Dataset extract:
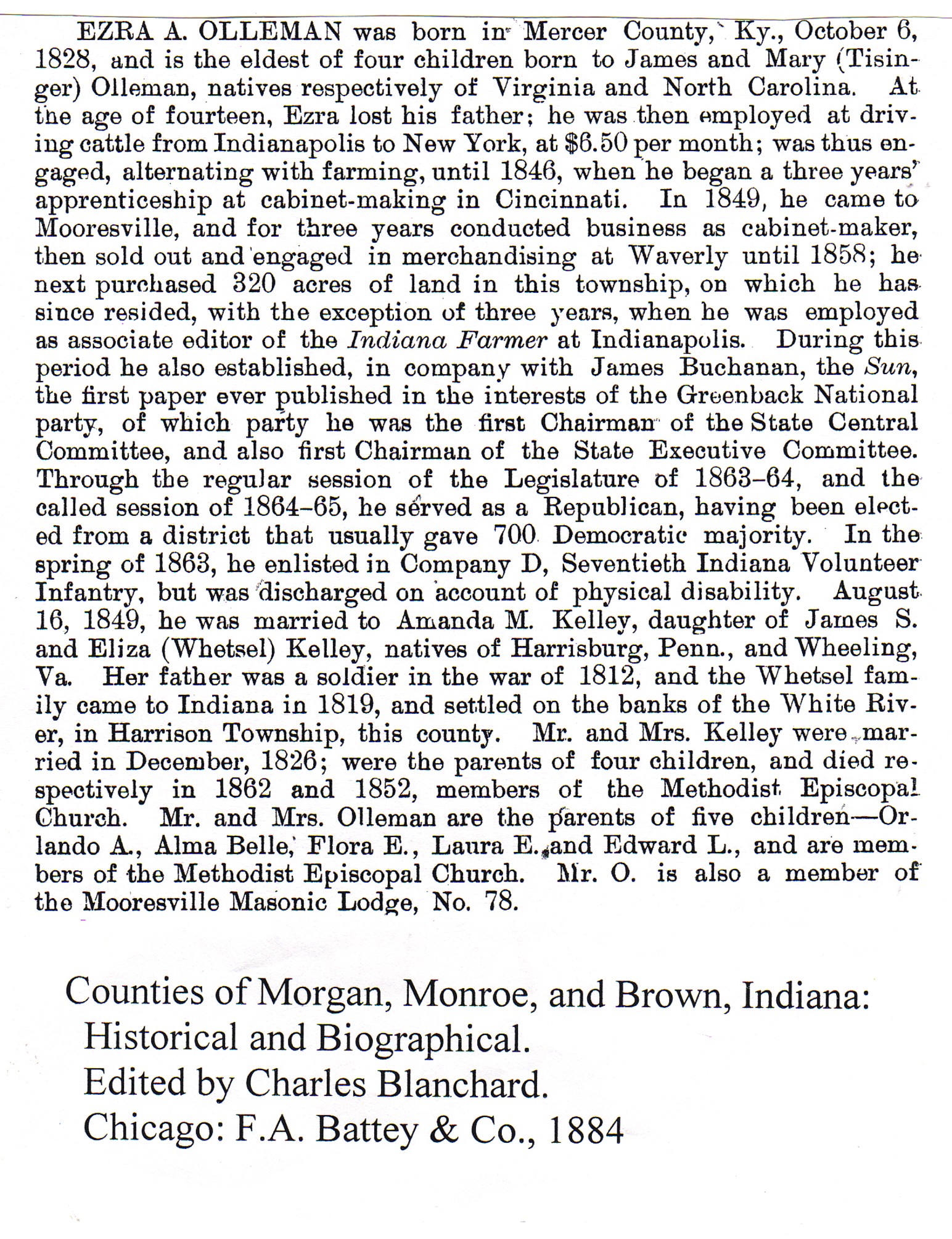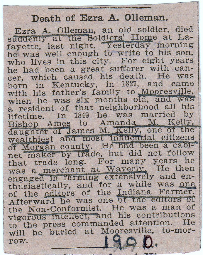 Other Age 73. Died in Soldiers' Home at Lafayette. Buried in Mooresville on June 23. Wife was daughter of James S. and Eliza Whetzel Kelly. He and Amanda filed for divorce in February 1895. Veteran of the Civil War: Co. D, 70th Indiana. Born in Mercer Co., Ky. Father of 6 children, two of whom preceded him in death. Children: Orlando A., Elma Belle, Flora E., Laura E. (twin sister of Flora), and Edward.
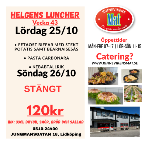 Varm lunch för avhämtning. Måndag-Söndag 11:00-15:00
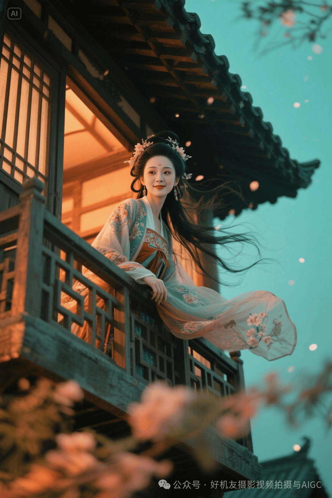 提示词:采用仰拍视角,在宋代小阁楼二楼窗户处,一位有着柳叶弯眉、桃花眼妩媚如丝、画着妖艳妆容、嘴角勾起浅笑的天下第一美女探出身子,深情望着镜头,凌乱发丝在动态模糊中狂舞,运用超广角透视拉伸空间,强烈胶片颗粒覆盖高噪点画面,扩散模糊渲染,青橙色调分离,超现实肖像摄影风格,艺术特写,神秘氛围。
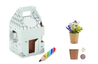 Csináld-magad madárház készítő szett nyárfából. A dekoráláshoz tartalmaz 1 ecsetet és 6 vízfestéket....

---

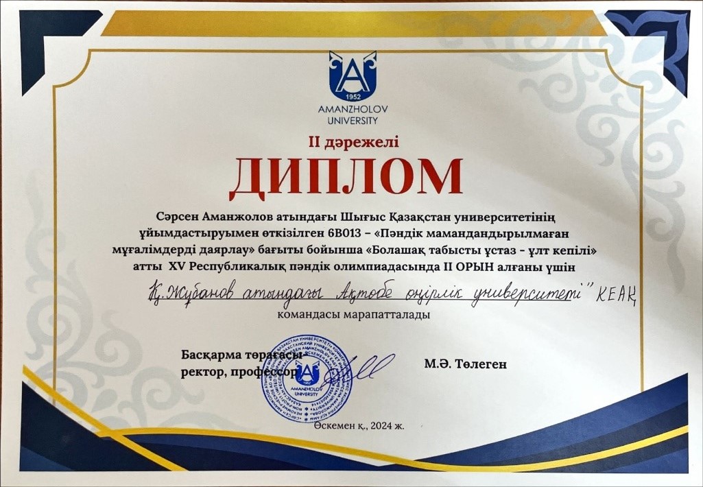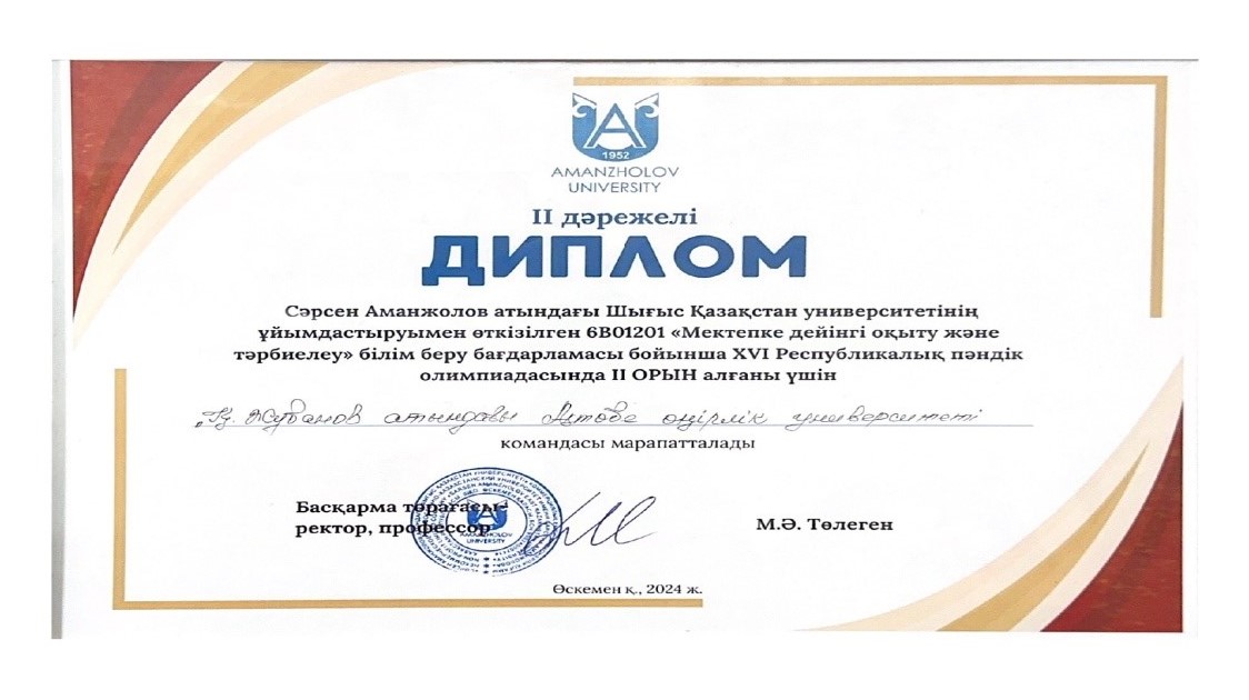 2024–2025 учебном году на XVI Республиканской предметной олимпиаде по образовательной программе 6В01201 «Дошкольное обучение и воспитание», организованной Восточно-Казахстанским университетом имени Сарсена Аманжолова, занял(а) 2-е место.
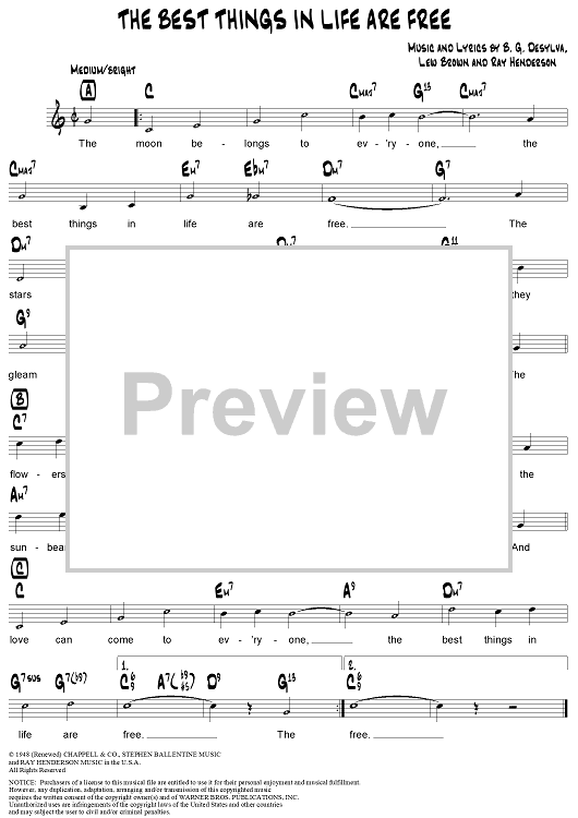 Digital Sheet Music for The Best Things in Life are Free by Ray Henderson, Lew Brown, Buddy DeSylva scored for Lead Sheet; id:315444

---

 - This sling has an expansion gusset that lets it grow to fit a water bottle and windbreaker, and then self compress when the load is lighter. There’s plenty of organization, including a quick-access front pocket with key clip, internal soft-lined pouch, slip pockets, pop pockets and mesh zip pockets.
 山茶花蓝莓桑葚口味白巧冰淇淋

Work required: Every line above from the one with "Other Age 73." down to the one with "Csináld-magad madárház készítő" must be written out exactly, and no picture may appear.

Response to the task:
 Other Age 73. Died in Soldiers' Home at Lafayette. Buried in Mooresville on June 23. Wife was daughter of James S. and Eliza Whetzel Kelly. He and Amanda filed for divorce in February 1895. Veteran of the Civil War: Co. D, 70th Indiana. Born in Mercer Co., Ky. Father of 6 children, two of whom preceded him in death. Children: Orlando A., Elma Belle, Flora E., Laura E. (twin sister of Flora), and Edward.
 Varm lunch för avhämtning. Måndag-Söndag 11:00-15:00
 提示词:采用仰拍视角,在宋代小阁楼二楼窗户处,一位有着柳叶弯眉、桃花眼妩媚如丝、画着妖艳妆容、嘴角勾起浅笑的天下第一美女探出身子,深情望着镜头,凌乱发丝在动态模糊中狂舞,运用超广角透视拉伸空间,强烈胶片颗粒覆盖高噪点画面,扩散模糊渲染,青橙色调分离,超现实肖像摄影风格,艺术特写,神秘氛围。
 Csináld-magad madárház készítő szett nyárfából. A dekoráláshoz tartalmaz 1 ecsetet és 6 vízfestéket....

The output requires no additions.